With Gratitude to our Military Service Members on Veterans Day and Throughout the Year

November 8, 2017 | Spotlight



As we make plans for this year’s Veterans Day on November 11, it is a good time to consider what is the best way to show care and concern for our military service members not just on Veterans Day, but throughout the year. According to Jackson Walker attorney Justin Lee, caring is about being informed about the military actions going on far from our shores.

“No one is planting victory gardens, and we’re not rationing. But we are still sending people to another country to fight, and we need to understand why we’re doing that,” he told Dallas Morning News in a recent interview. “We’re asking people to do incredible things. We’re handing rifles to 20-year-olds and asking them to shoot people. And that’s fine; that’s what you signed up for,” Lee said. “But at least [we] should care about them and appreciate what we’re asking of them.”

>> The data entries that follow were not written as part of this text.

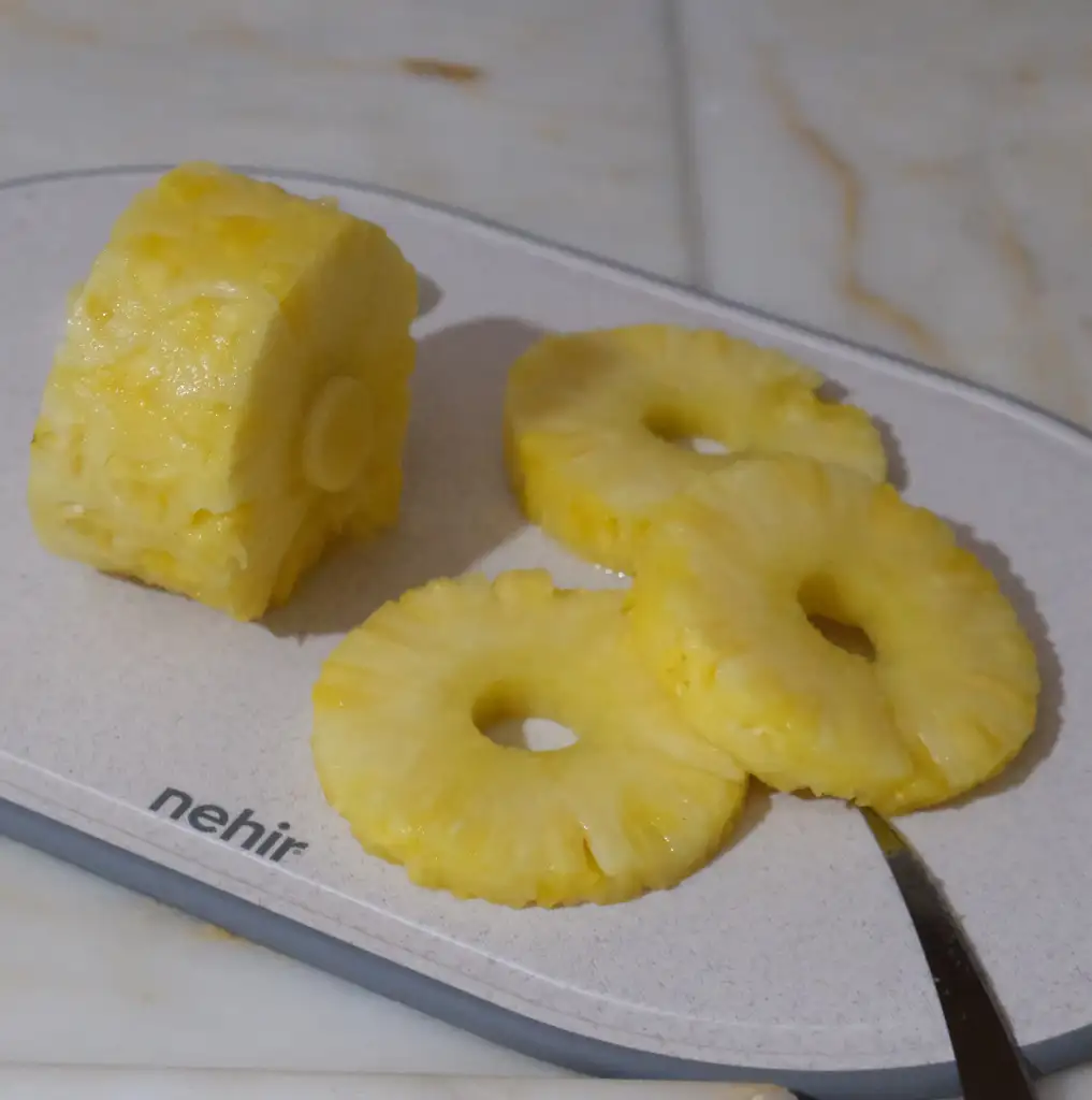 Ananasları dilimledikten sonra ızgara tavasına minicik bir tereyağı ekleyip kızartıyoruz. Benim evde ızgara tavası yoktu, o yüzden farklı bir çözüm buldum. :)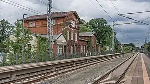 Beelitz-Heilstätten station is a railway station in the district of Beelitz-Heilstätten which belongs to the town of Beelitz located in the district of Potsdam-Mittelmark, Brandenburg, Germany.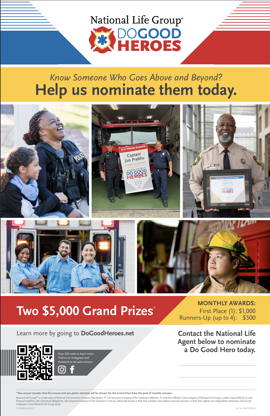 What you can do: If you know a first responder engaging in community service beyond the call of duty, we encourage you to nominate them as a National Life Do Good Hero today.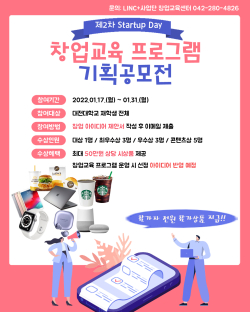 [충청뉴스 이성현 기자] 대전대학교 LINC+사업단 창업교육센터가 오는 31일까지 창업교육 프로그램 아이디어 공모전 지원자 접수를 실시한다.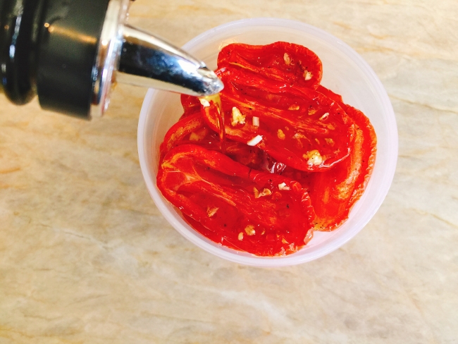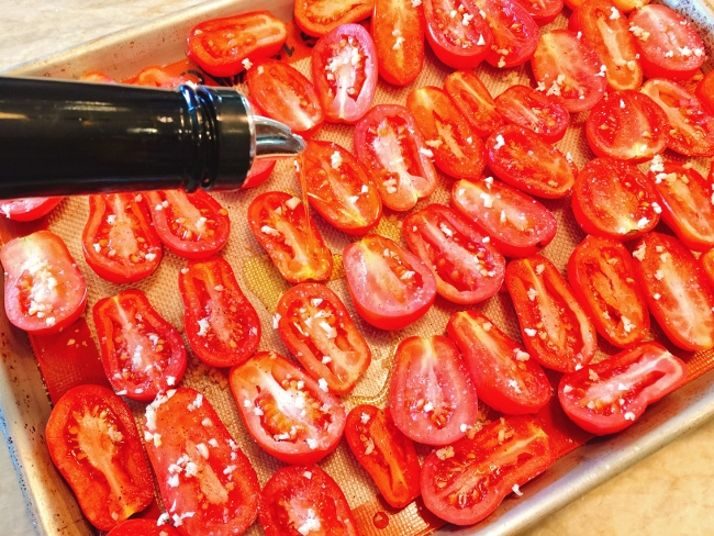 3. Drizzle tops of tomatoes with olive oil and place in oven to roast for 2 1/2 – 3 hours.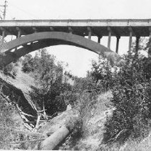 View looking up at bridge from canyon below. Construction materials scattered in canyon. Probably the mini Rainbow Bridge.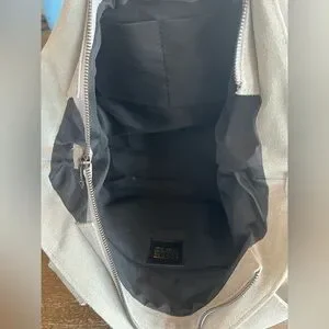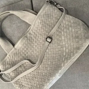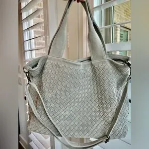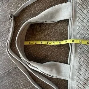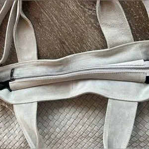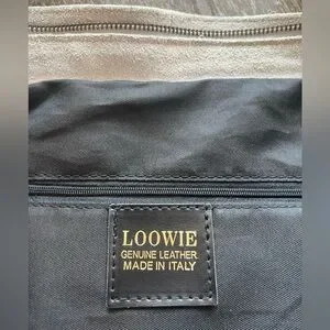 Elevate your style with this chic gray genuine leather woven tote bag. Made by Loowie in New York. Its sophisticated design and roomy interior make it ideal for daily use. It has never been used, very clean, and has a beautiful leather smell. Zippers work perfectly. Removable Long strap is adjustable, but measures 26” as currently set in photos. Gunmetal color metal.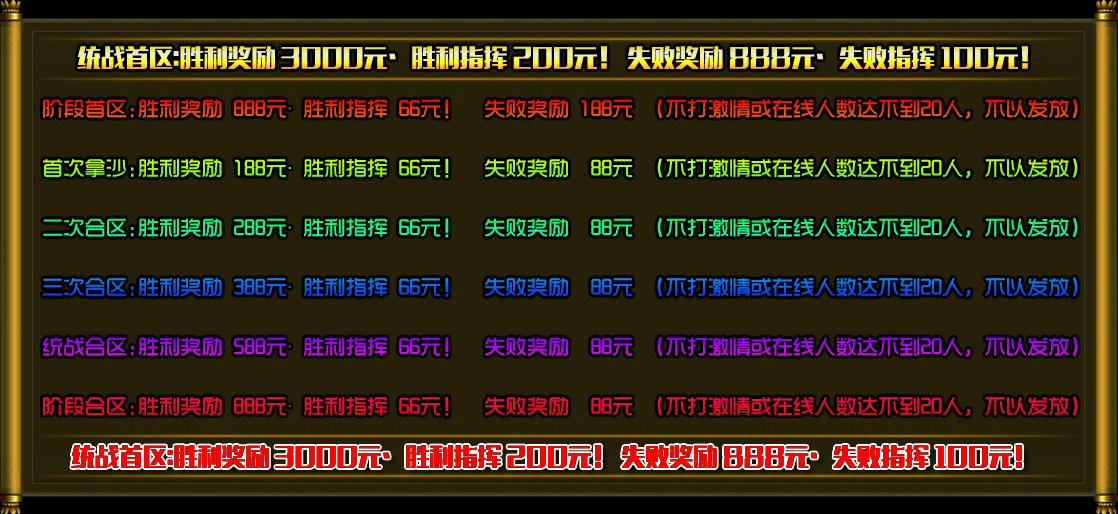 ⑤.三次合区:胜利奖励388元 胜利指挥 66元!失败奖励88元。
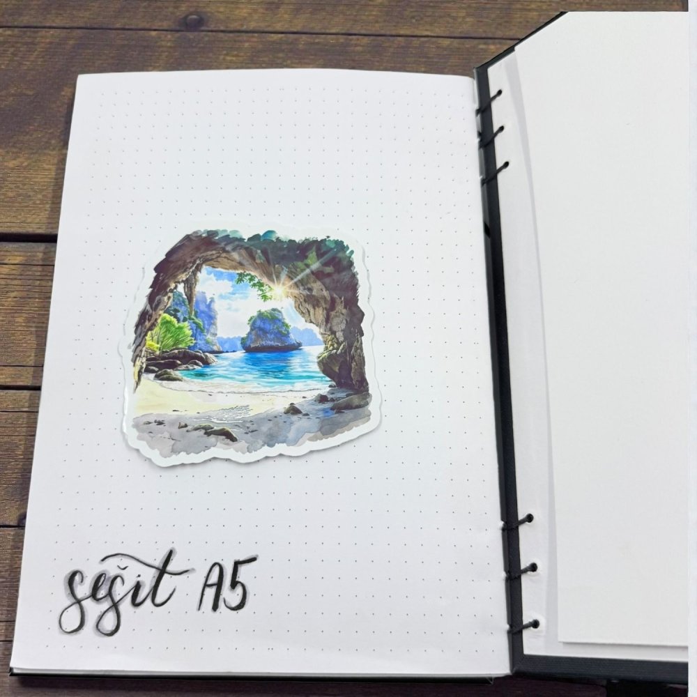 Kdykoli se podívám na tuhle samolepku, cítím slunce na kůži ☀️. Je to pro mě taková minibrána do jiného dne – když se plánování začne měnit v chaos, tahle jeskyně mě vrátí zpátky k sobě. Nalepila jsem si ji třeba i na obálku cestovního deníku – protože vystihuje ten pocit těšení a volnosti. Někdy ji prostě jen vezmu a nalepím do středu týdne. A najednou je tam prostor. Zkus si s ní udělat malý papírový únik.

He also believes in keeping the memory of those who have offered to serve their country and lost their lives in the process. He wears a bracelet with the names of the five crew members of Extortion 17 (“one-seven”), the Chinook under his command that was shot down in Afghanistan on August 6, 2011. The incident killed all 38 occupants, including 15 members of the United States Naval Special Warfare Development Group (known colloquially as “SEAL Team 6”), in the deadliest loss of U.S. forces during the Afghanistan war.

Justin “Buddy” Lee grew up in Tyler, Texas and was a junior at Texas A&M when the World Trade Center was attacked on September 11, 2001. That same day he obtained a medical waiver to pursue an Army commission. Lee spent several months flying humanitarian relief missions in Pakistan followed by two deployments to Afghanistan. He commanded a Chinook unit—nicknamed “Extortion”—during his second deployment in 2011.

A great deal of interest has surrounded the Extortion 17 mission. While the vast majority of such attempts to shoot down American helicopters fail, this one succeeded for one reason and one reason only—chance. According to Lee that is the one thing in war that no amount of training, skill, or technology will ever defeat. “If this [operation] was survivable, that was the right crew to have. There was a lot of experience in that cockpit, the flight engineers, and the door gunners. It was a good crew, it really was. One of the best crews in my company.”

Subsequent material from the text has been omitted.